Jun 05, 2017 05:46 PM

Banks Desperate for Capital Dangle High-Yield Products in Front of Investors

(Beijing) – As China’s central bank quarterly check on capital adequacy approaches, some banks are seen scrambling for short-term funds by offering attractive yields to lure more investors to their wealth management products (WMPs).

Banks can no longer fully meet their funding needs through the interbank market, as liquidity there is drying up, due to Beijing’s continuous efforts to rein in credit growth within the financial system. To fill the funding gap, some banks are increasingly relying on selling WMPs to raise funds from investors who are hungry for yields.

WMPs are seen as one of the culprits of China’s ballooning debt and credit growth. When banks offer attractive yields on WMPs, they are compelled to invest in high-yield – and therefore high-risk – assets to match their pledge to investors. Therefore, doing this likely introduces more risks into the banking system, analysts said.

Annualized yields on some short-term WMPs have increased to 5% or more recently. In the week ended June 2, the average yield on WMPs was 4.43%, based on 188 banks compiled by PY Standard, a Chinese financial research firm that tracks the wealth management sector. The average yield has risen 32 basis points since the start of this year.

For instance, China Merchants Bank Co. Ltd., the country’s seventh largest bank by assets, is now offering a 5% yield on 91- and 105-day WMPs that do not have guaranteed returns. China Everbright Bank Co.
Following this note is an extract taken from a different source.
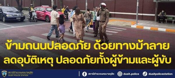สน.ดุสิต ประชาสัมพันธ์ประชาชน ให้ใช้ทางข้ามทางม้าลายในการข้ามถนน เพื่อลดความเสี่ยงในการเกิดอุบัติเหต

Ltd. is also selling a 138-day WMP at an annualized yield of 5%.

The scramble for funds comes as the People’s Bank of China is about to launch another macro-prudential assessments (MPA) that aims at ensuring banks have adequate capital. The upcoming quarterly assessment will be conducted by the end of June.

The central bank has been squeezing interbank liquidity through reducing the issuance of negotiable certificates of deposit (NCDs). Banks borrow money from each other in the interbank market through transacting NCDs.

Fewer NCDs drive up interest rates in the interbank market, forcing some banks to turn to cheaper options for funding. The interest rate on one-year NCDs issued by AA+ rated banks stood at 5.05% Monday, up from 4.82% a quarter ago.